- [GOAL OF THE EXERCISE]
Write out every line exactly, from the start of the records below to the line with "Добавить соль и", and stop there. Don't write out the pictures.

- [Stored data entries]
-.-.-

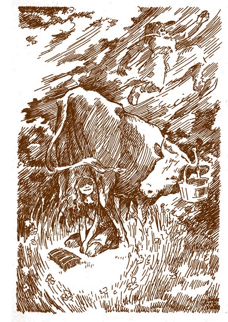 Брызнула она молока пташкам, коровы и присмирели. Выдоила падчерица коров. В дом с молоком – а троллиха бурчит:
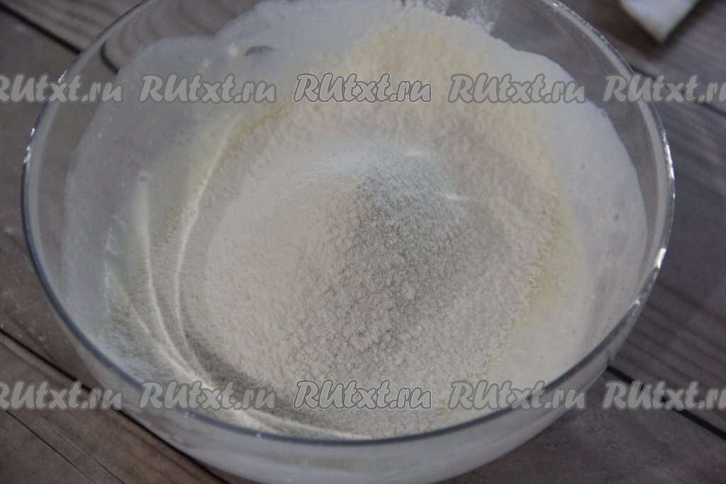 Добавить соль и сахар, частями всыпать просеянную муку, перемешивая тесто для оладий венчиком.
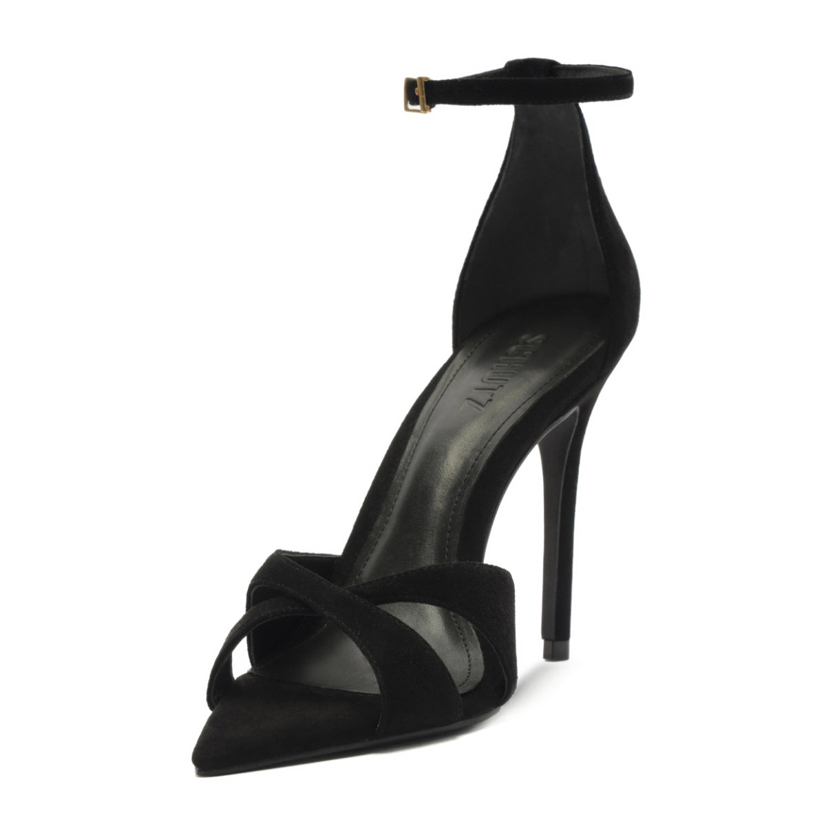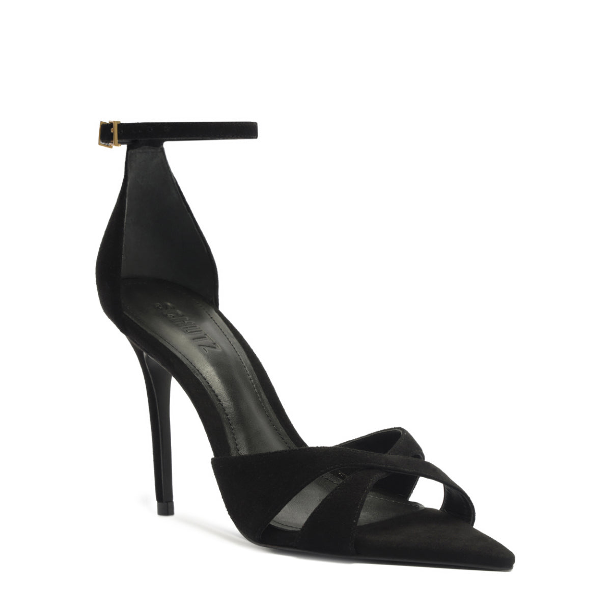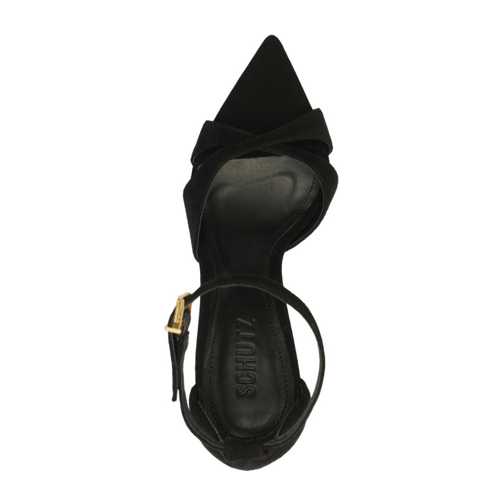 Founded in 1995 by Alexandre Birman, Schutz redefines attainable luxury with its stylish footwear. With each new release, the brand delivers of-the-moment collections, defined by confident, bold, designs around which entire outfits can be built. The Hilda Leaf Suede Sandal in Black is all edge and elevation. Featuring crisscross suede straps, a pointed toe, and a wraparound ankle buckle, this stiletto sandal is sculpted for those who lead with presence—refined, commanding, and unapologetically bold.
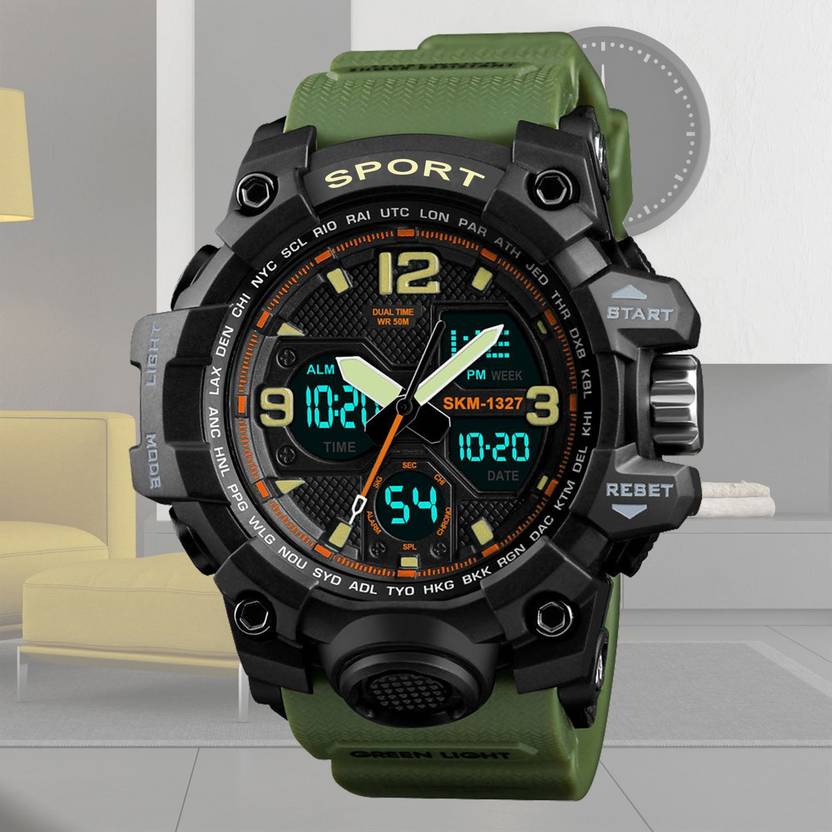 Analog-Digital Watch - For Men Green Men's 1327 Multi-Functional Sports Watch_EF
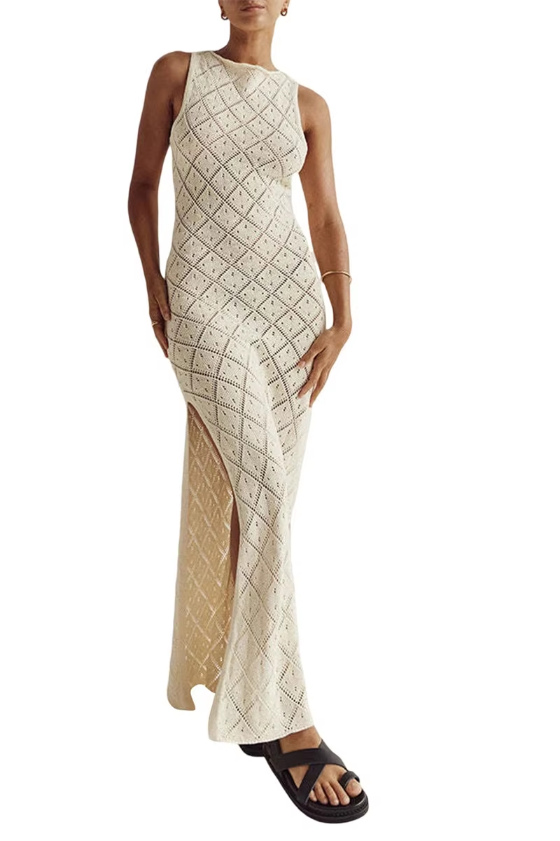 Victoria’s Vogue Women Wrapped Dresses Round Neck Sleeveless Cutout Knitting Solid Midi Party Street Summer Dress
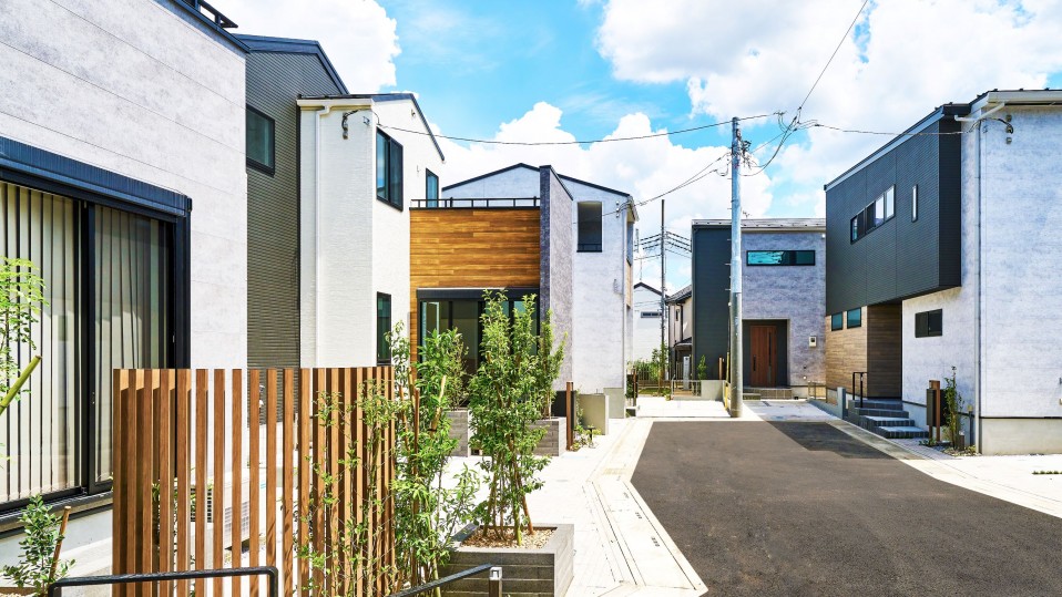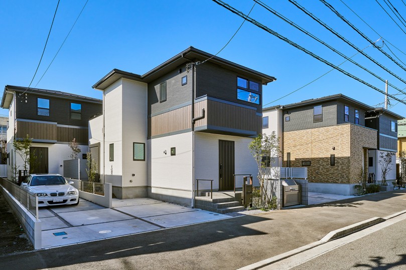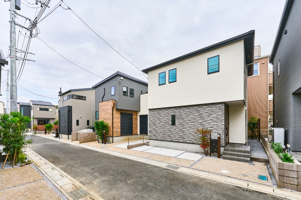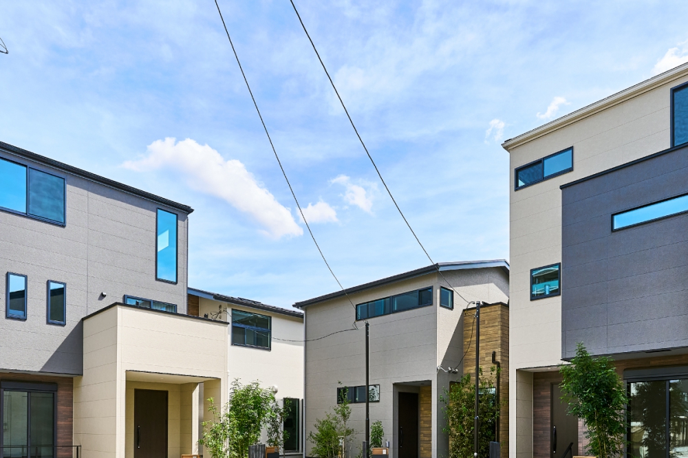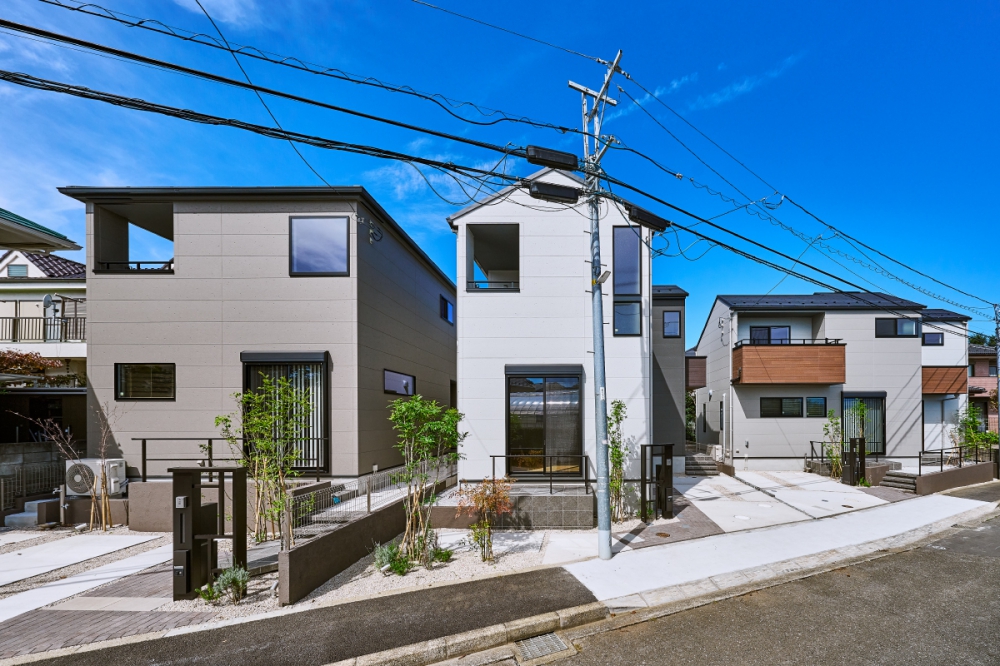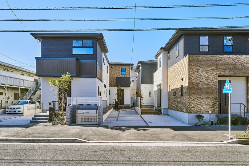 ※現地街並み(2025年11月撮影) モダンな外観フォルムを基調とした一邸一邸には、個性ある外観デザインを演出。街全体で個性が調和して、美しい景観を描く全5邸の街並みを設えました。
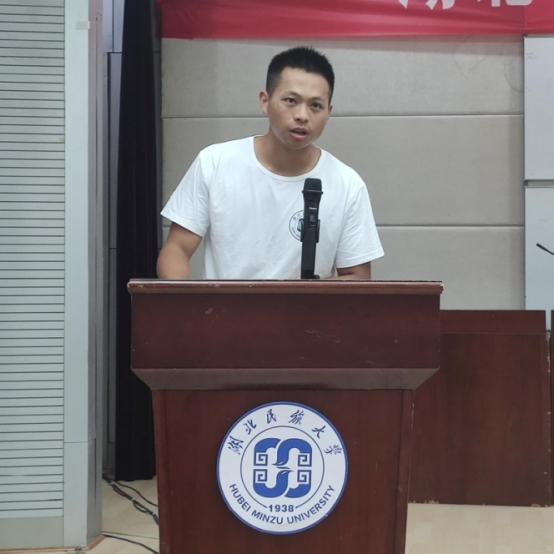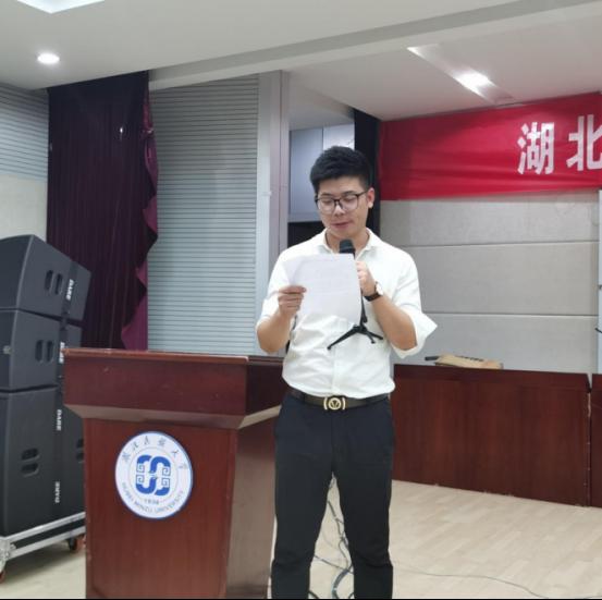 大会第四项,教师代表华中师范大学博士王先茂发言,希望与同学们携手迈步,开启新的篇章,开启人生中新学习,新生活。学会照顾自己和他人,要有真材实学,学真知识,练真本领,衷心祝愿各位同学学有所得,学有所成。
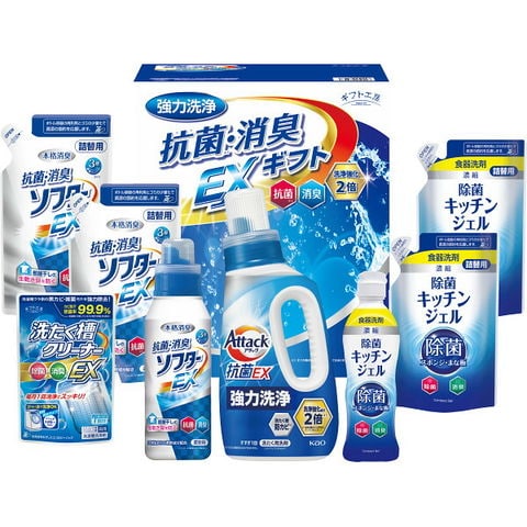 花王アタック抗菌EX750g・抗菌消臭ソフターEX350g・除菌キッチンジェル200ml・洗たく槽クリーナーEX100g×各1、抗菌消臭ソフターEX(詰替用)350g・除菌キッチンジェル(詰替用)160ml×各2
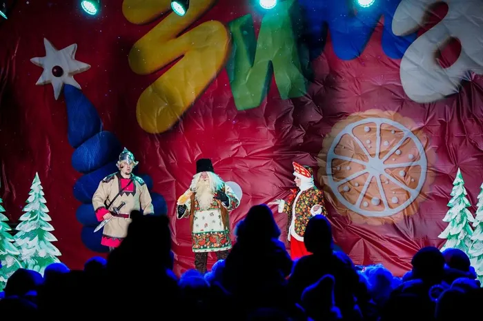 На главной сцене города состоялся сказочный спектакль от самодеятельных артистов и сотрудников ЦДК им. Нариманова «Как богатырь Новый год спасал». Новогодние песни прозвучали от вокальной студии «Созвездие».
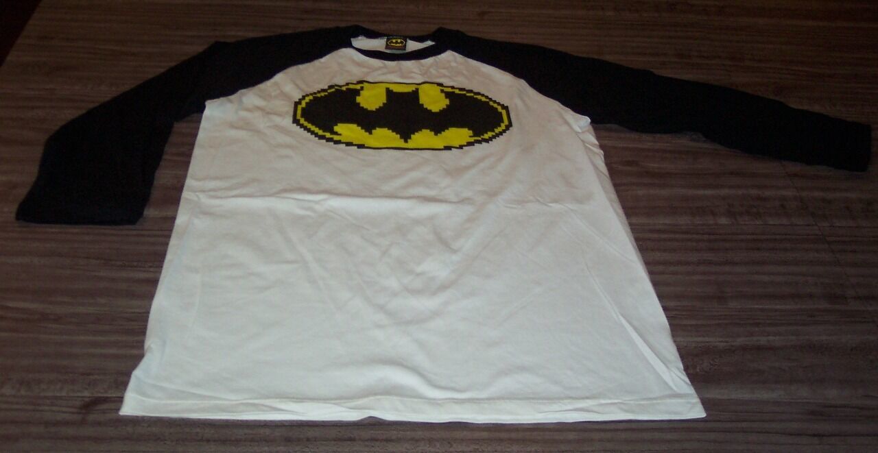This is a VINTAGE 70'S STYLE Dc Comics BATMAN 8-BIT Long Sleeve T-shirt. It is a size LARGE, and it is NEW. It is 21 inches from armpit to armpit and 31 inches in length. It has 70's Style 3/4 length sleeves. Winning bidder to add $5.00 shipping in the US(international will be more). Combine auctions to save on shipping. Winning bidder to e-mail within 3-days and payment to be received within 10-days. D3AG
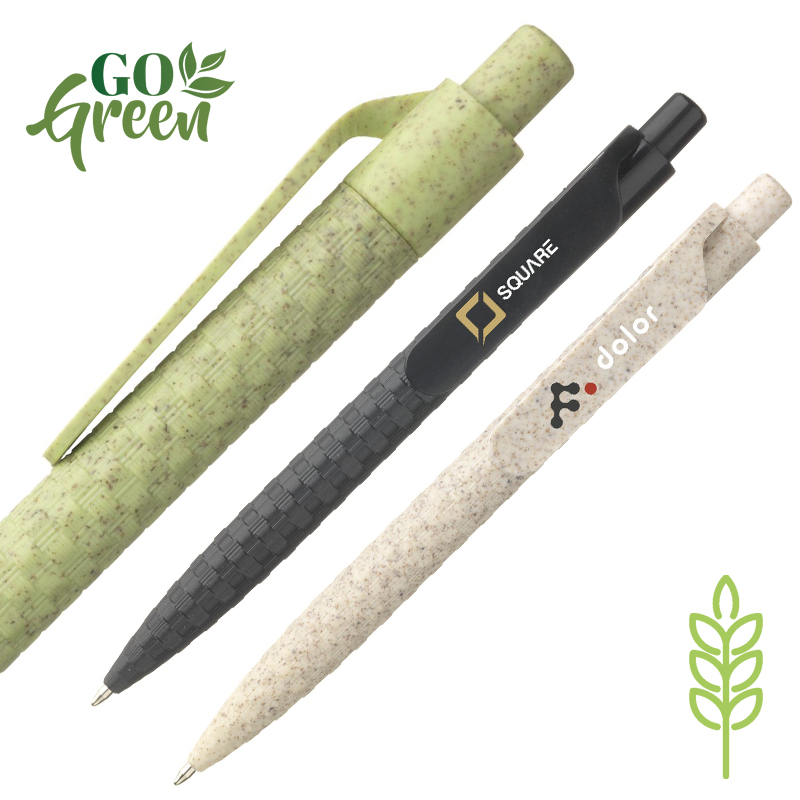 Eco-vriendelijke, blauwschrijvende balpen gemaakt van 60% tarwestro en 40% ABS.
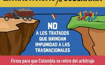 Recuperemos la soberanía de Colombia en defensa del agua, la vida y los territorios FIRMA la solicitud para que el Gobierno se retire de tratados que permiten que Colombia sea … Sigue leyendo Firma la solicitud para que el Gobierno se retire de tratados que permiten que Colombia sea demandada ante tribunales diseñados por y para favorecer a las transnacionales
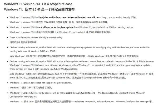 微软明确 Win11 26H1 核心信息
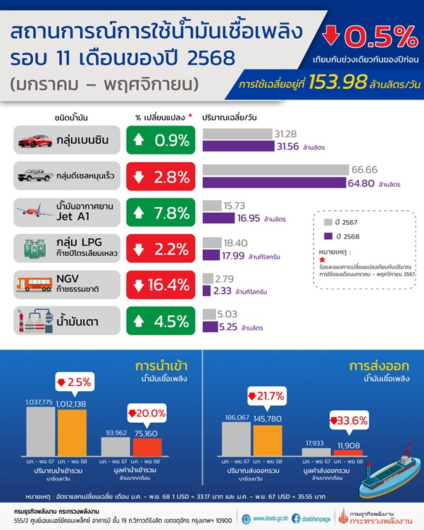 นายสราวุธ แก้วตาทิพย์ อธิบดีกรมธุรกิจพลังงาน เผยภาพรวมการใช้น้ำมันเชื้อเพลิง ในช่วงเดือนมกราคม – พฤศจิกายน 2568 มีปริมาณอยู่ที่ 153.98 ล้านลิตร/วัน ลดลงร้อยละ 0.5 เมื่อเทียบกับช่วงเดียวกันของปีก่อน โดยก๊าซธรรมชาติสำหรับยานยนต์ (NGV) มีปริมาณการใช้ลดลงสูงสุด ที่ร้อยละ 16.4 ตามด้วยก๊าซปิโตรเลียมเหลว (LPG) ลดลงร้อยละ 2.2 และน้ำมันดีเซลหมุนเร็ว ลดลงร้อยละ 2.8 ขณะที่น้ำมันอากาศยานเชิงพาณิชย์ (Jet A1) มีปริมาณการใช้เพิ่มขึ้นร้อยละ 7.8 การใช้น้ำมันเตาเพิ่มขึ้นร้อยละ 4.5 และกลุ่มเบนซินเพิ่มขึ้นร้อยละ 0.9 โดยมีรายละเอียดปริมาณการใช้น้ำมันเชื้อเพลิงแต่ละชนิดเมื่อเทียบกับช่วงเวลาเดียวกันของปีก่อน ดังนี้

-.-.-

- [ANSWER TO THE EXERCISE]
 Брызнула она молока пташкам, коровы и присмирели. Выдоила падчерица коров. В дом с молоком – а троллиха бурчит:
 Добавить соль и сахар, частями всыпать просеянную муку, перемешивая тесто для оладий венчиком.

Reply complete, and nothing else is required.